Junkön

Geography
- Coordinates: 65°27′18″N 22°23′47″E﻿ / ﻿65.454963°N 22.396309°E
- Adjacent to: Bay of Bothnia

Administration
- Sweden
- Province: Norrbotten
- Municipality: Luleå

= Junkön =

Island in the Luleå archipelago, Sweden

Junkön is an island in the northwest of the Swedish sector of the Bay of Bothnia, in the Luleå archipelago.

==Location==

Junkön is one of the larger of the islands offshore from Luleå.
It is said to be named after a Sami named Junker who grazed his reindeer on the island. The sandy western part of the island has been used by the air force as a firing range since World War II, and is off limits to civilians.
The eastern part of the island is well-forested, including pines that are over 200 years old.

The Larsgrundet	lighthouse is located on a shoal in the channel between the islands of Junkön and Storbrändön.
It was built in 1965, and was still in operation as of 2013. The focal plane is 18 m.

==History==

The first records of the island date to 1491.
The island would have been quite new then, having formed as the terrain rose due to post-glacial rebound.
The first permanent resident settled on the island in 1783. There is a solidly built windmill dating from the late 1700s, in the past used by the residents of Junkön and nearby islands to grind their flour. It is not certain who built it, but based on its design it may have been a stranded fisherman from Finland.

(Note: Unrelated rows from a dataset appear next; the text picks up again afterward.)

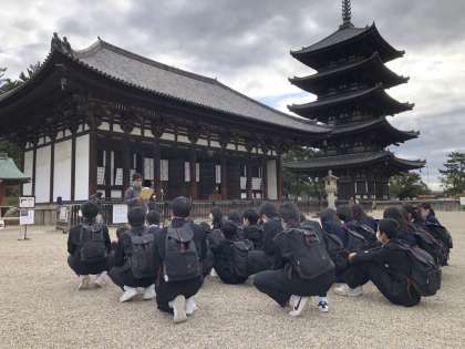 本日は2年生も校外学習です。2年生は奈良市内を班で散策します。先ほど興福寺に到着しました。これから自分たちで計画したルートで班行動開始です。気をつけていってらっしゃい!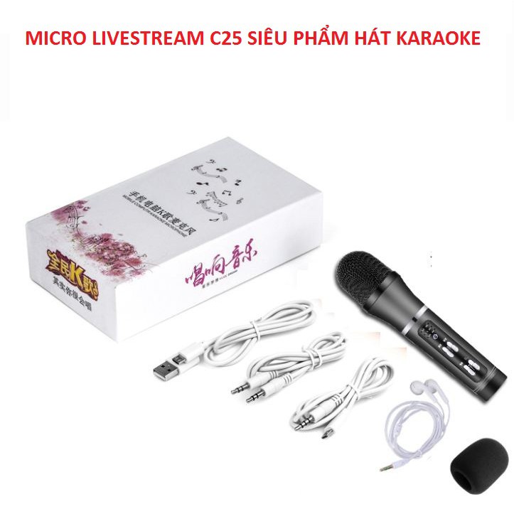 Combo Micro C25, Giá Đỡ Đèn 3in1, Tặng Tai Nghe - Mic C25 Livestream Hát Karaoke Giả Giọng Cực Hay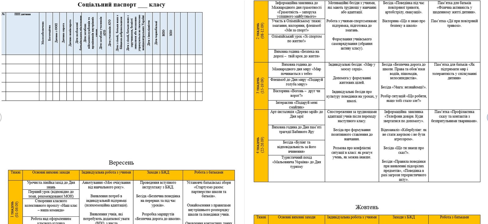 Планування помісячне (з вересня по травень).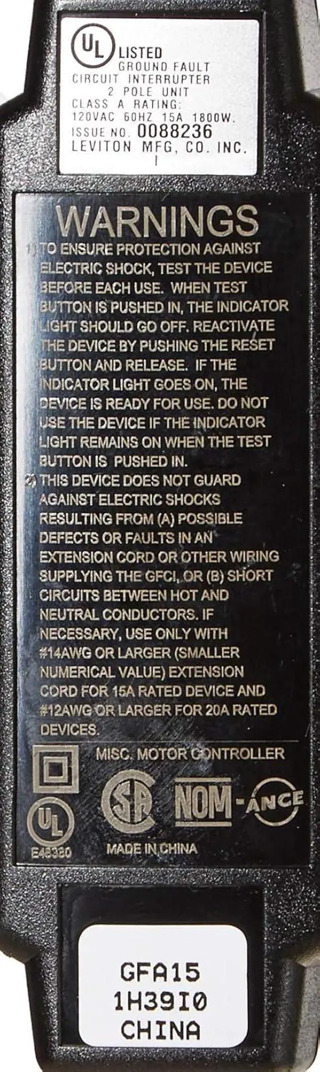 Open-Neutral Protection immediately trips the GFCI if the neutral conductor on the line side is opened, eliminating the possibility of the GFCI Cord Set having a live hot leg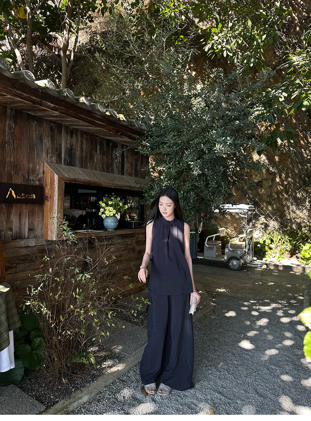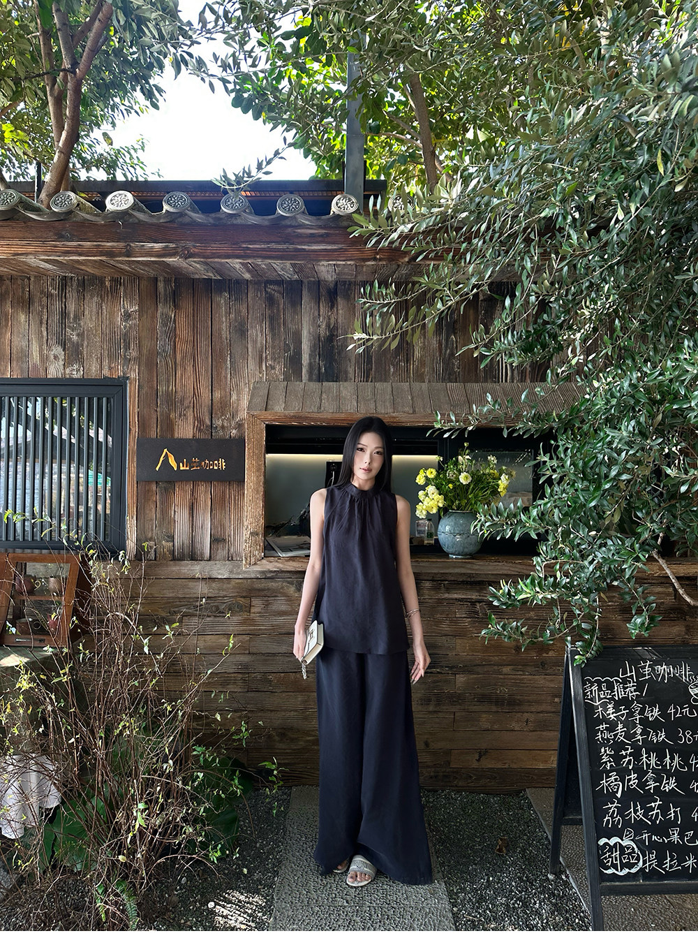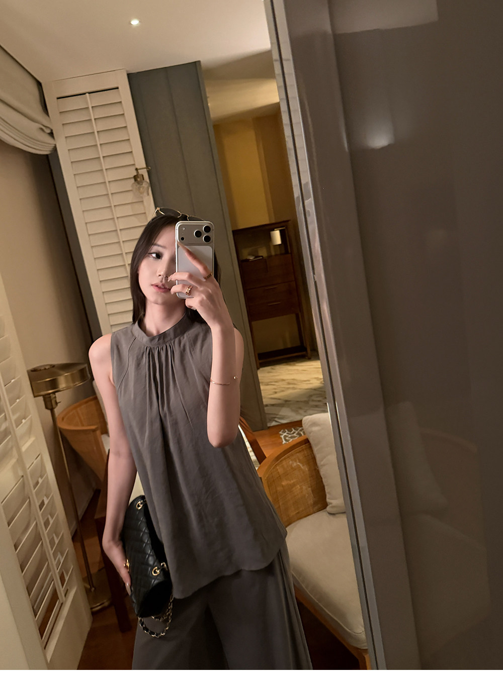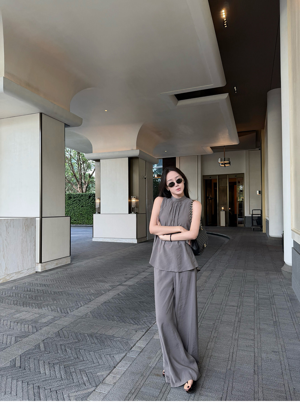 5werkwen Двухцветная медная майка, штаны, полупрозрачная растушевка, свободный прямой крой

Since the early 1900s the population has steadily diminished. As of 2013 there were only three resident families. A number of professional fishermen still make Junkön their base, fishing for Baltic herring, whitefish and sea trout in the summer. They net a local species of whitefish in the autumn to harvest its roe, which is called the "gold of the sea".

==Village==

The marina can accommodate about ten boats.
There is a café that opens in the summer, toilets, saunas, showers and drinking water. The "Junkön fishing village" was inaugurated in 1998, a group of newly built houses in traditional style with an exhibition on life on the islands in the old days. The Luleå Municipality has also built a quay, boathouses and a boat motor museum. Two cottages are available for rent.